Apart from the images, the entire listing below must be restated word for word.

Data.
━━━━━━━━━━━━━━━━━━━━
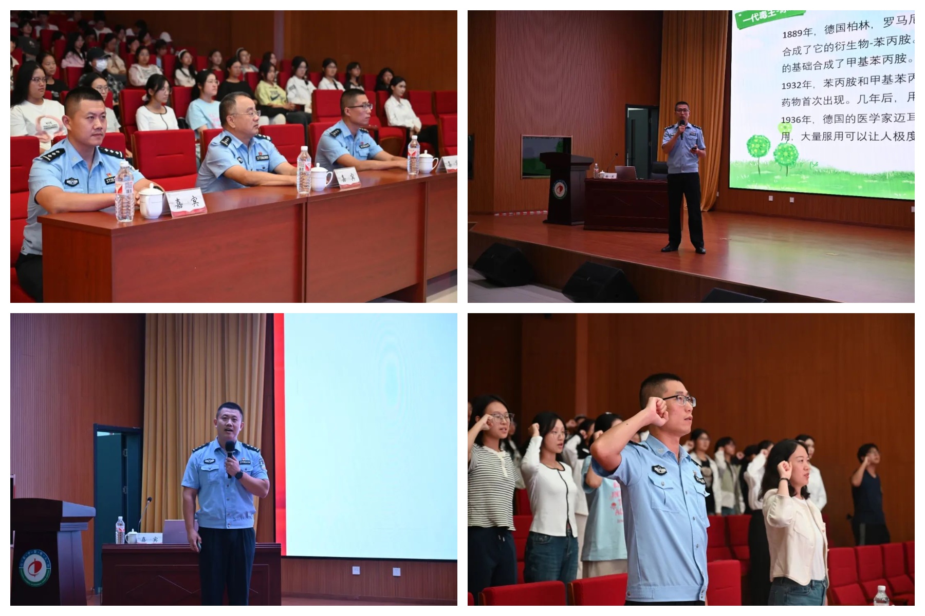 活动中,同学们积极参与互动提问,并近距离地观摩了各类仿真毒品。最后,在栾佳伟的带领下,全体人员肃立,进行了庄严的禁毒宣誓仪式。
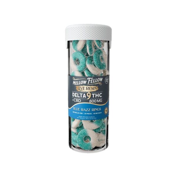Mellow Fellow CBD & Delta 9 Gummies 800mg 20ct consist primarily of high percentages of CBD and Delta 9 THC derived from hemp. Mellow Fellow CBD & Delta 9 Gummies 800mg 20ct blends contain the following active ingredients per serving:
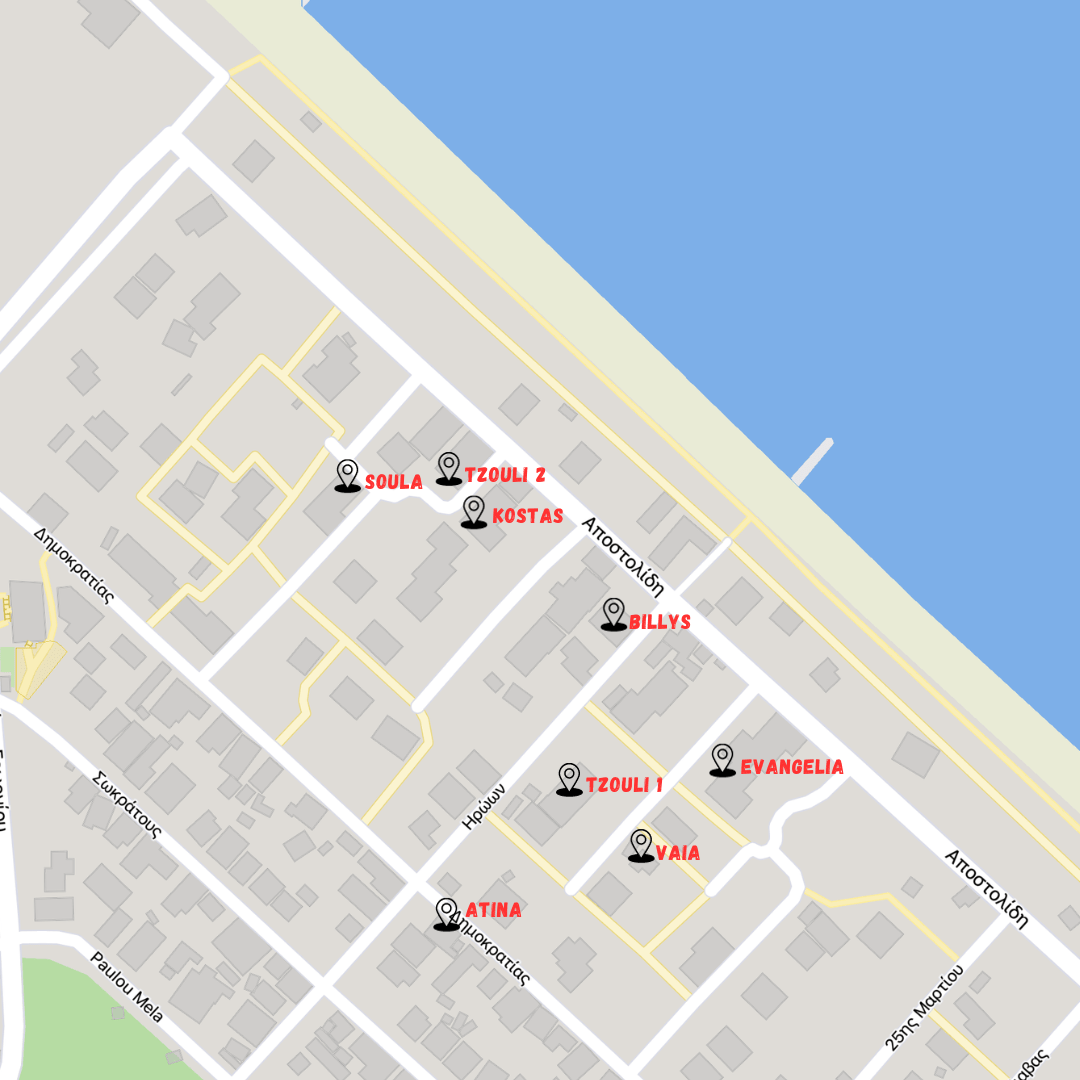 Куќа “Soula” се наоѓа на одлична место положба, на само50 метри од прекрасната песочна плажа. Куќата располага со четири студија и два апартмани. Користење на клима уред и интернет (wi-fi) се вклучени во цената. Вилата има сопствен уреден двор и паркинг веднаш пред вилата.
━━━━━━━━━━━━━━━━━━━━
Answer section.
 活动中,同学们积极参与互动提问,并近距离地观摩了各类仿真毒品。最后,在栾佳伟的带领下,全体人员肃立,进行了庄严的禁毒宣誓仪式。
Mellow Fellow CBD & Delta 9 Gummies 800mg 20ct consist primarily of high percentages of CBD and Delta 9 THC derived from hemp. Mellow Fellow CBD & Delta 9 Gummies 800mg 20ct blends contain the following active ingredients per serving:
 Куќа “Soula” се наоѓа на одлична место положба, на само50 метри од прекрасната песочна плажа. Куќата располага со четири студија и два апартмани. Користење на клима уред и интернет (wi-fi) се вклучени во цената. Вилата има сопствен уреден двор и паркинг веднаш пред вилата.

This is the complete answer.